Rather than treating debt ceiling increases as a matter of good housekeeping, politicians have fallen into the habit of flirting with default, engaging in bouts of brinkmanship that culminate in ad hoc deals on borrowing and spending. Congress seems unable to perform its duties unless it is acting under the threat of crisis.
That old show is playing again in Washington. The government hit its borrowing limit of about $22 trillion in March. The Treasury Department can operate at the debt ceiling for a few months through various kinds of legerdemain; officials have said an increase in the debt ceiling won’t be necessary before September. And, as the clock ticks toward midnight, House Democrats and the Trump administration have agreed on a deal to extend the debt limit for roughly two years, along with a broader agreement on federal spending over that period. The deal still requires passage by both houses of Congress and President Trump’s signature.
This is not a good way to run a government.
The debt ceiling was created during World War I, when Congress set aside the practice of approving individual bond issues and authorized the government to borrow up to a specified amount, much like the limit on a credit card.
Fans of the debt ceiling say that it encourages Congress to maintain fiscal discipline. Since at least the Eisenhower administration, fiscal conservatives have tried to use debt ceiling votes to constrain spending. They have won some short-term victories, most recently in a 2011 deal imposing a schedule of automatic spending cuts known as sequestration — an ill-timed turn toward austerity that slowed the economic recovery from the 2008 recession, imposing needless pain on millions of Americans.
But the debt ceiling has failed as a long-term check on spending. The latest debt ceiling deal completes the reversal of the 2011 spending cuts.
The deal embodies Congress’s longstanding approach to fiscal policy, in which the sacrifices largely consist in letting others have what they want. Democrats agreed to increase military spending; Republicans agreed to increase spending on domestic programs. In total, the deal would authorize about $320 billion in new federal spending, mostly paid with new debt.
Taxation is rarely even mentioned during debt ceiling negotiations. That’s a problem because reckless tax cuts, most recently in 2017, are a big reason that the federal government keeps hitting its borrowing limit. Federal spending declined as a share of the nation’s economic output during the first two years of the Trump administration. Federal revenue as a share of output declined more sharply.
The debt ceiling is simply the wrong tool for encouraging fiscal discipline. Debates about taxing and spending should be conducted as debates about taxing and spending. Eliminating the debt ceiling also would not make it easier to spend money.

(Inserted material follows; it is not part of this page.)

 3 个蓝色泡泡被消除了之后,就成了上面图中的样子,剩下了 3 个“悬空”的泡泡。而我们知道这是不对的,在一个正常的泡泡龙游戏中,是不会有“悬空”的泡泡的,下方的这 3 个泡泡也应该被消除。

As The Times’s editorial board wrote in 1961, in the first of what has become a series of pleas to end a bad law, “Congress’ constitutional power over the Federal purse would not be impaired by such a move, nor would carefree spending be licensed. The power and the license rest, and will continue to rest, in how Congress acts on substantive governmental programs.”

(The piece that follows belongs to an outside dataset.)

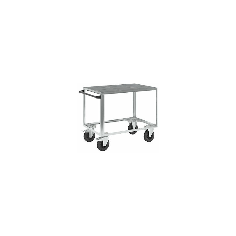 Carrello di montaggio, 1 ripiano in plastica, pianale 1050 x 700 mm, telaio zincato. Fornitura = montato. Numero piani = 2 pz. Lunghezza superficie di carico = 1050 mm. Larghezza superficie di carico = 700 mm. Colore = zincatura elettrolitica. Materiale superficie di carico = plastica. Altezza di lavoro = 895 mm. Portata = 500 kg. Altezza ripiani = 275 / 895 mm. Lunghezza = 1128 mm. Larghezza = 700 mm. Altezza = 895 mm. Tipo di prodotto = carrelli di montaggio. Dotazione ruote = 2 rotelle pivottanti con fermo doppio, 2 rotelle a supporto fisso. Versione ruote = gomma piena. Diametro ruote = 200 mm. Cuscinetti ruota = cuscinetto a rulli. Numero ripiani = 1 pz. Portata 500 kg. Ogni cosa resta al suo posto grazie ai ripiani in plastica antiscivolo. Altezza di lavoro ergonomica per lavorare oggetti ingombranti e pesanti. Gli angoli e gli spigoli arrotondati permettono di lavorare in sicurezza, senza lesioni e danni. Superfici di carico facili da sostituire fissate in modo stabile grazie

Brinkmanship is also expensive. The United States government is able to borrow at very low interest rates because Treasury securities are regarded as very safe investments. Any glimmer of a hint that repayment might not be full and timely comes at the expense of taxpayers, because investors deal with fear by demanding higher rates.

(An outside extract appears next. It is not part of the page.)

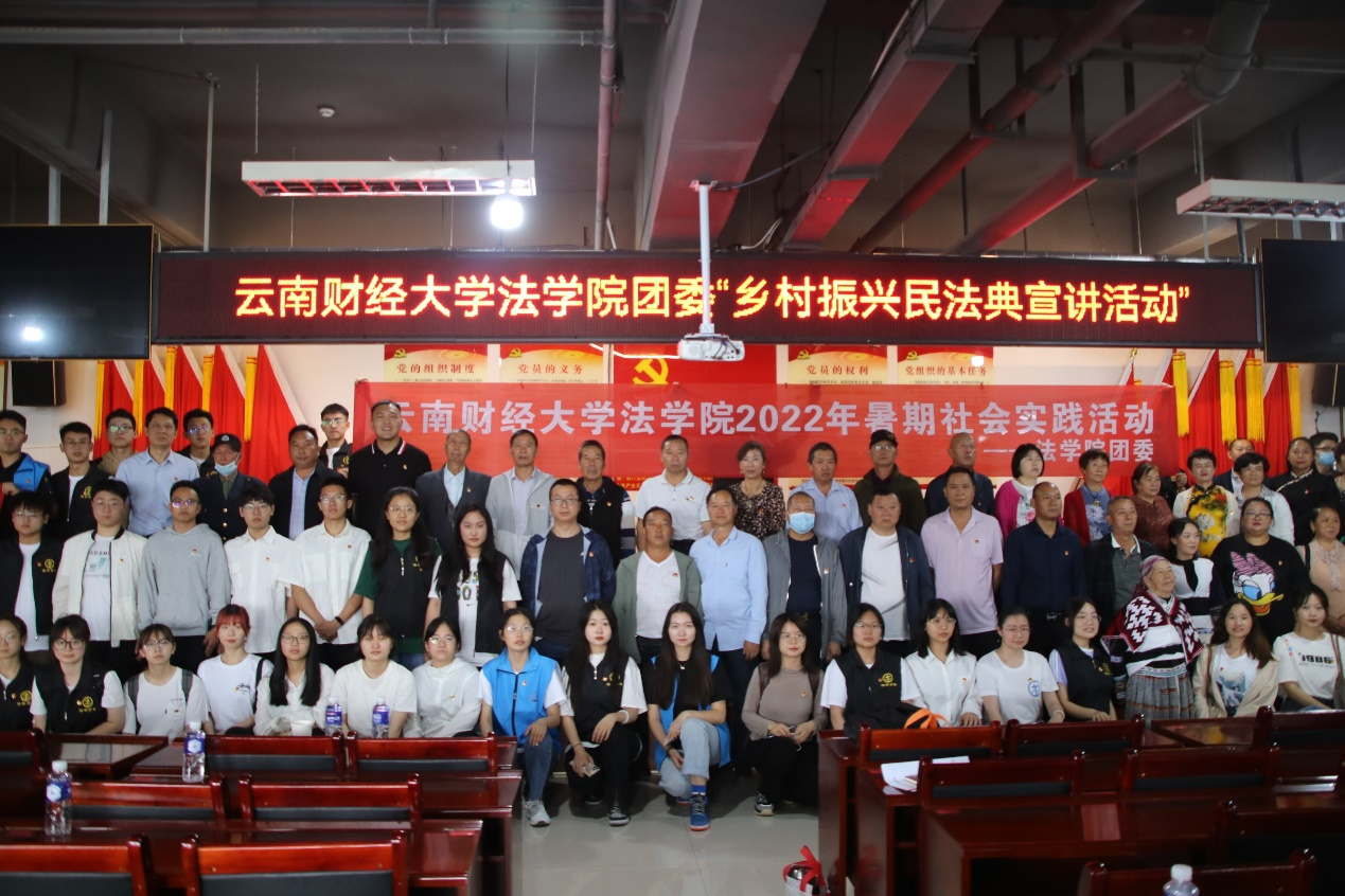 为贯彻落实习近平总书记在建团100周年上的重要讲话精神,发挥法学青年在法治建设中的青春力量,7月12日,法学院社会实践队到权甫村开展乡村振兴普法调研活动,法学院党委书记李姗姗、安宁市政法委常务副书记李剑飞、法学院团委书记李浩等参加活动。

A debt ceiling standoff in 1979 briefly delayed some interest payments on federal debt. A study found that the government had to pay a premium of 0.6 percentage points in the aftermath — which cost it about $6 billion a year.
The 2011 debt limit standoff raised government borrowing costs by an estimated $1.3 billion in that fiscal year alone, according to the Government Accountability Office. The G.A.O. estimates that an increase of even a tenth of a percentage point in the current average interest rate on the federal debt would cost $182 billion over the next decade.
Congressional Democrats in the 1980s sought to obviate the debt ceiling by making increases a part of the budget process. The current crop of House Democrats has revived the concept. It’s a reasonable approach in theory, but it requires Congress to pass budgets.
A bill to eliminate the debt ceiling, introduced by Senator Michael Bennet of Colorado, is a better approach. The current system has no apparent benefits, regular costs and the real possibility that it will cause a disaster. The stakes in federal budget debates are high enough. It’s time to eliminate the risk that those fights will cause a financial crisis.